Nous constatons tous une évidence. L’être humain, même le chrétien, n’aime pas quitter ce monde quand les choses vont très bien pour lui. Nous nous accrochons à ce bonheur que le monde nous offre. Cependant, il suffit que les choses tournent mal, par exemple à cause d’une maladie grave, une souffrance physique ou morale, une rupture amoureuse, le chômage, la perte du travail, une grosse déception… pour désirer précipiter notre mort, quitter ce monde que nous qualifions « d’enfer » pour anticiper notre rencontre avec le Seigneur. C’est Madeleine Chedin qui me disait, à quelques jours de sa mort, pourquoi il fallait tant souffrir pour rencontrer le Seigneur et elle avait hâte de mourir, pour mettre fin à ses souffrances, et aussi pour poser directement et en face à Jésus les questions auxquelles elle n’a pas pu trouver de réponse pendant sa vie terrestre… On ne peut minimiser le poids de la douleur liée à l’âge, la maladie, la solitude… Même Jésus, nous voyons que même lui a été angoissé : il a porté le poids de la tristesse, la solitude et l’abandon dans sa passion et sa mort. Rappelons-nous qu’il a même demandé au Père d’éloigner de lui le calice de la douleur et de la passion, même s’il s’est abandonné à faire la volonté du Père jusqu’au bout.

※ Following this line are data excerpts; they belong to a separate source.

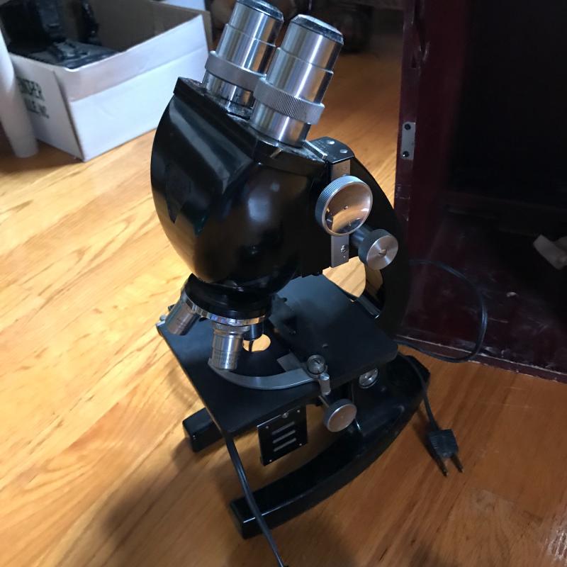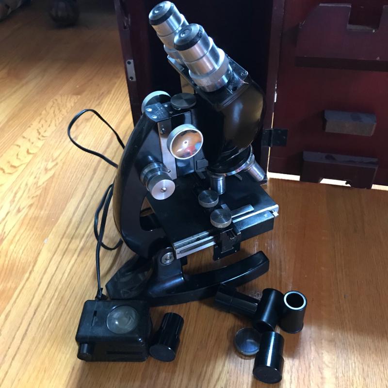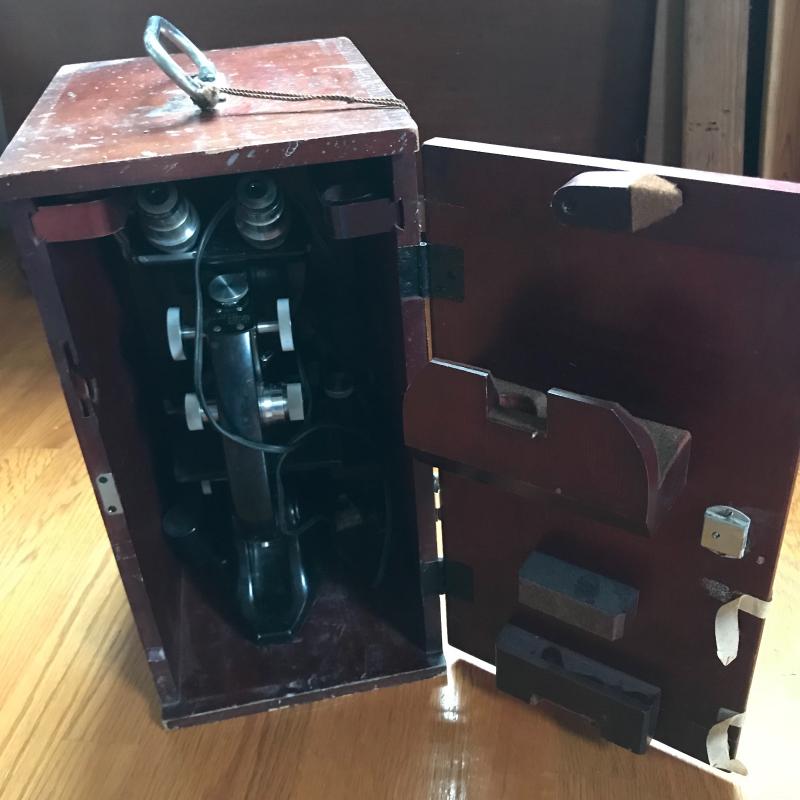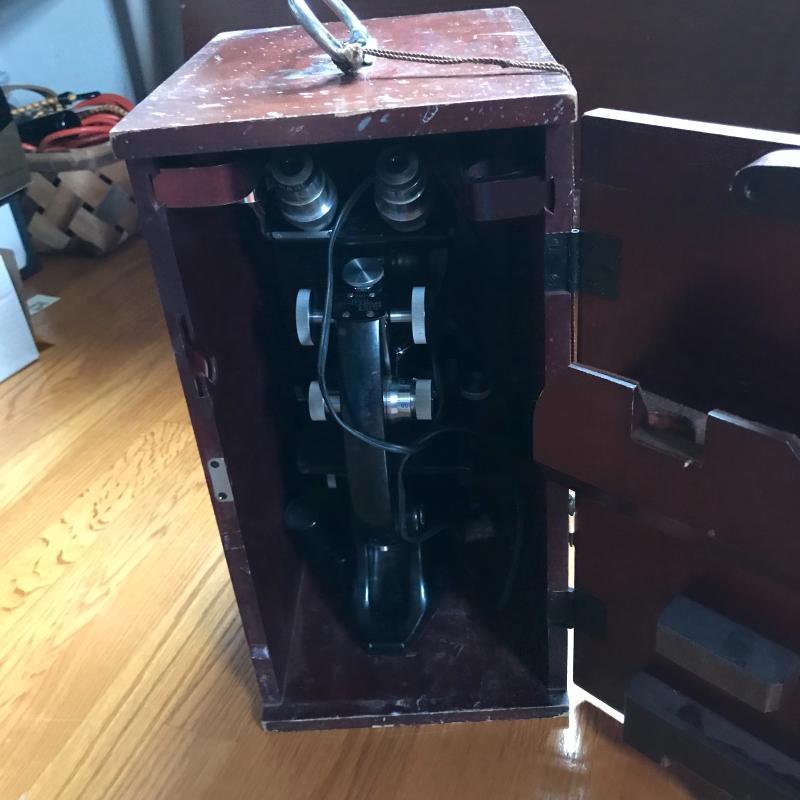 Lot contains Antique Bausch & Lomb microscope in metal carrying case. Says TB3145. Approx. 13.5” tall. See pics. Shipping or Local pickup only in Asheville, NC.
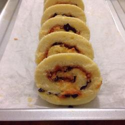 10. Spread a piece of clean oil paper on the table, and place the reverse side of the cake on the oil paper.Spread salad dressing evenly on the surface and sprinkle with minced pork floss and seaweed.Roll up the cake with the help of a rolling pin.
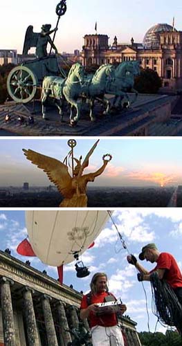 Mit dem Zeppelin über der HauptstadtBerlin aus halber Höhe Fliegen wie ein Vogel, ein alter Menschheitstraum wird wahr. Zumindest für die Kamera von Jürgen Hohmuth und Ralf Brauner. Die beiden Videofilmer und Fotografen aus dem Prenzlauer Berg haben ihre HD-Kamera an einen sieben Meter langen Zeppelin gehängt. Vom Boden aus gezogen, fliegt das mit Helium gefüllte Kamera-Luftschiff in einer Höhe von etwa vier bis 60 Metern über Berlin. Anders als alle früheren Luftbildfotografen fotografieren und filmen Hohmuth und Brauner die Stadt gewissermaßen aus halber Höhe. So entstehen nie gesehene, brillante Aufnahmen in der neuen HD-Technik. Die Film-Autoren entdecken zusammen mit dem Historiker Christoph Stölzl, dem Vizepräsidenten des Bundestages Wolfgang Thierse und der Berliner Schauspielerin Dana Golombek die Stadt neu. Auf dem gemeinsamen Spaziergang fliegen sie Auge in Auge mit der "Goldelse" über den Wipfeln des Tiergartens, schauen in den hohlen Zahn der Kaiser-Wilhelm-Gedächtnis-Kirche und erleben die scheinbar schwebenden Figuren unter der Dachkante des Reichstages.
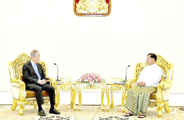 កាសែតនោះបានចុះផ្សាយថា លោកបានគីម៉ូន និងប្រមុខរបបយោធា មីនអ៊ុងឡាំង បាន ផ្លាស់ប្តូរទស្សនៈស្តី ពីវឌ្ឍនភាពចុងក្រោយបង្អស់របស់ប្រទេសមីយ៉ាន់ម៉ាហើយបានពិភាក្សាយ៉ាងស្និទ្ធស្នាលជាមួយនឹងអាកប្បកិរិយាស្ថាបនាតែមិនបានផ្តល់ព័ត៌មានលម្អិតទេ.
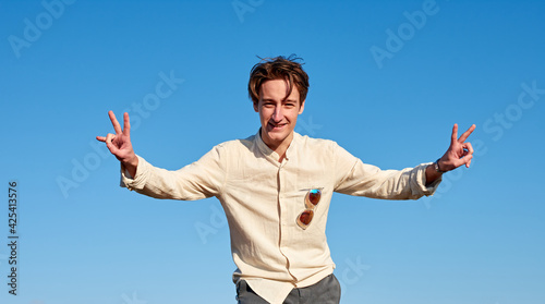 A Caucasian man from Spain making victory signs with both hands on clear sky background
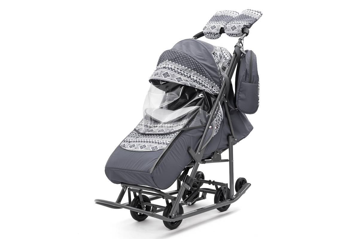 Настоящий автомобиль на дорогах детских парков. Модель считается более игровой, чем все остальные образцы, тем не менее, для транспортировки она также может быть использована. В санках нет утепляющего каркаса, однако они оснащены колесами, что может позволить использовать их и в качестве коляски для подросшего ребенка. Фиксирующие ремни гарантируют надежное размещение на сидении. Ручка агрегата перекидывается, что позволяет быстро трансформировать образец из санок в полноценную прогулочную коляску. Кроме того, грузоподъемность до 140 килограммов позволит родителю активно участвовать в зимних играх с ребенком.
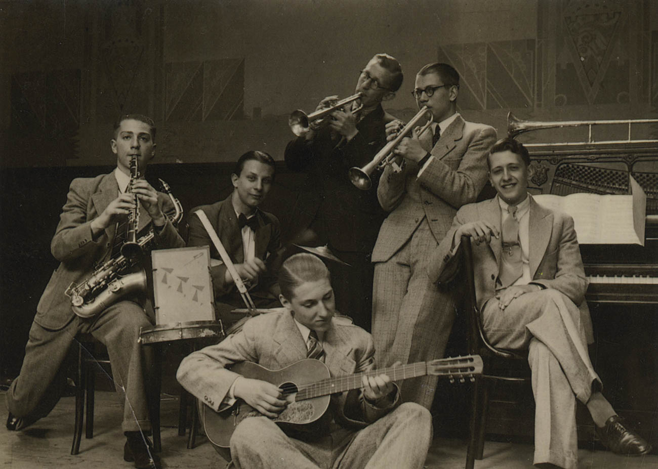 The Tooping Tooters in mei 1937 met v.l.n.r. Rudi Spits (altsax, klarinet), Bas Vaandrager (drums), Ytzen Brusse (gitaar), Kees ? (trompet), Wim Droog (trompet) en Wim Struyk (piano). Trombonist Leo Blok staat niet op de foto
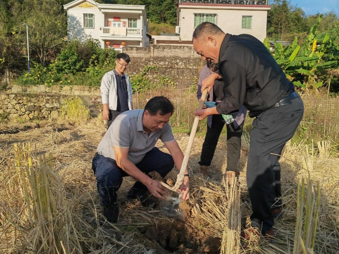 (龙建友教授采集当地种植土壤样本进行分析检测)
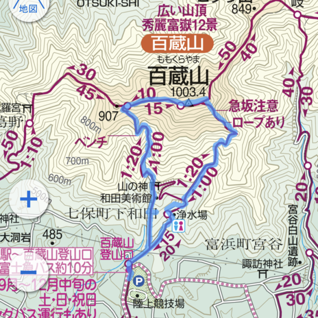 大月市営総合グラウンド駐車場→(西ルート)トトロの広場→百蔵山山頂→(東ルート)浄水場
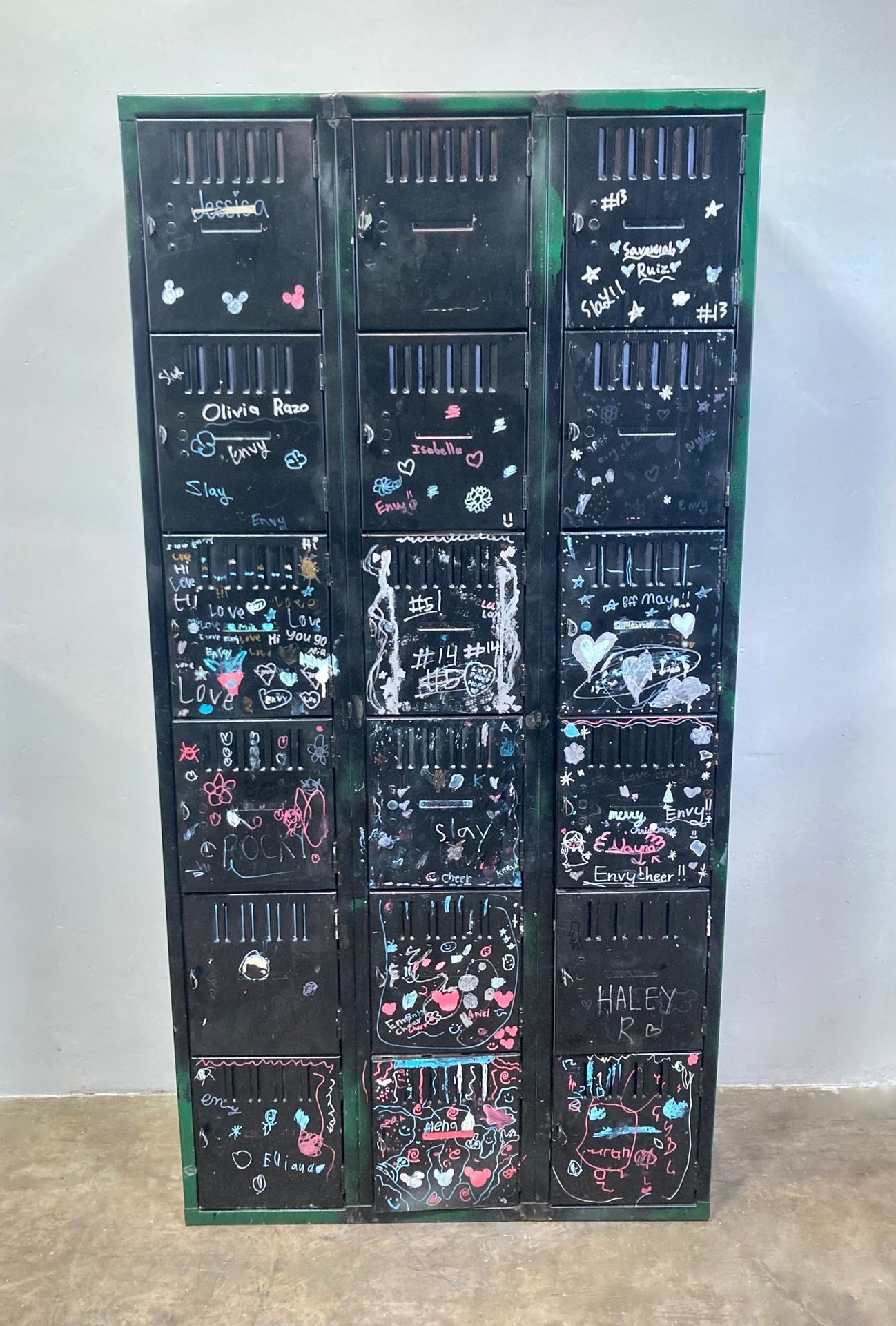 18 cubby locker, with doodles and notes decorating the front. We finished it with a laquer top-coat to preserve the drawings. Base painted in black and green. Ready to be used as home or workplace storage. 36"w x 12"d x 72"h —------------------ Rehab Vintage Interiors Come see us in person! 3086 W. Valley Blvd, Alhambra, CA 91803 Tues - Sunday 12pm to 5pm
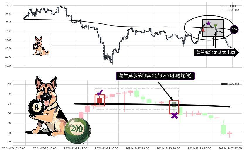 形态多维评估: ⚀ 2021-12-23 09:00:00-小时显现 葛兰威尔均线 200小时均线 第⑧卖出点 下降趋势的中继信号,后市看跌,卖出信号
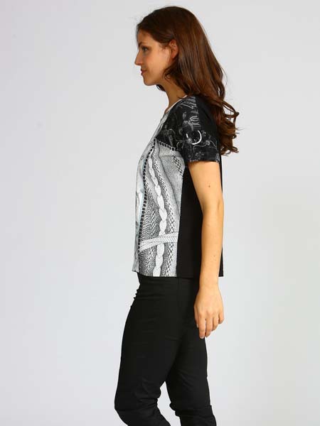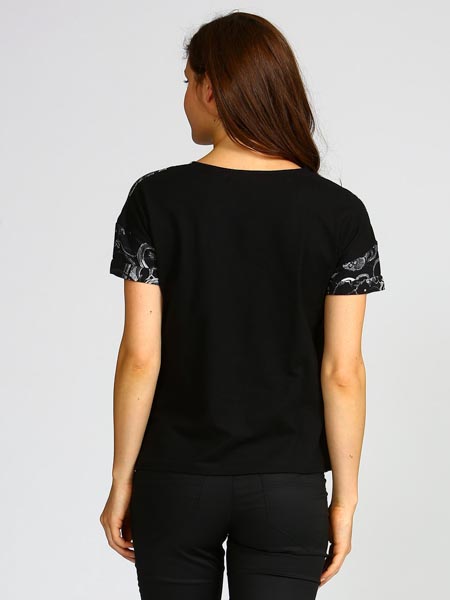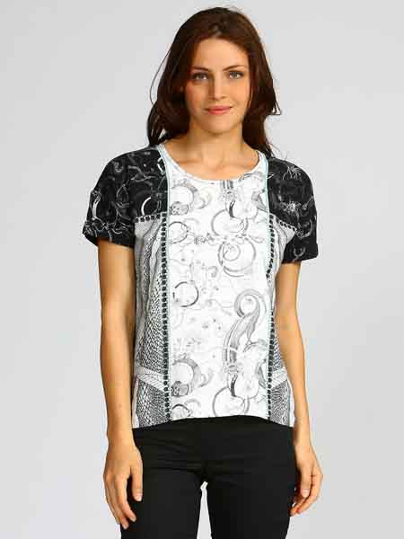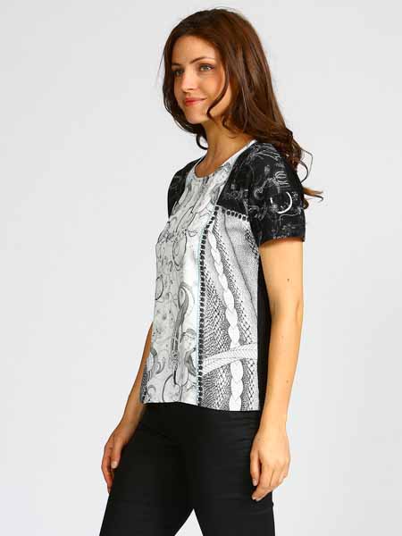 sind die Farben des Gemäldes "Volutes" von Lotie, das auf den Baumwolljersey dieses Shirts von Aventures des toiles gedruckt ist. Die Schultern sind modisch überschnitten. Länge des Shirts ca. 63 cm.

La mort de Jésus sur la croix est ce qui donne toute sa signification à la mort de tout homme vivant en ce monde. Mais, le chrétien ne peut pas parler de la mort en la séparant de la Résurrection. La foi chrétienne est fondée dans la Résurrection. Saint Paul nous dit que « Si le Christ n’est pas ressuscité, vaine serait notre foi et nous sommes les plus à plaindre de tous les hommes » ; la mort qui n’aura jamais le dernier mot sur notre vie. Mort, où est ta victoire ? Le Christ t’a vaincue, car, comme nous le rappelle encore saint Paul « même la mort ne peut nous séparer de l’Amour du Christ ».
Rappelons-nous cela en ce jour où nous commémorons les fidèles défunts. Rappelons-nous, de manière indélébile que nous avons beaucoup de chance, nous autres chrétiens. C’est une chance exceptionnelle de savoir que même la mort ne peut me séparer de l’Amour de ce Dieu qui nous a créés, nous a fait devenir ses enfants en Jésus, dans la foi et par le baptême, un Dieu qui nous attend près de lui après notre pèlerinage ici-bas. Jésus lui-même rappelle que la volonté de son Père, c’est qu’il ne perde aucun de ses enfants, mais qu’il les ressuscite tous pour la Vie éternelle. Or la vie éternelle consiste déjà dans la foi en Jésus. Redisons au Christ, malgré la douleur du deuil, notre notre joie de lui appartenir, Lui qui nous donne la Vie éternelle. C’est à lui que nous confions nos chers défunts pour que ces derniers contemplent son Visage, en attendant d’aller les retrouver un jour. Prenons un petit moment de prière personnelle pendant lequel chacun de nous va recommander, dans le silence de son cœur, les défunts que nous portons ce soir. Amen.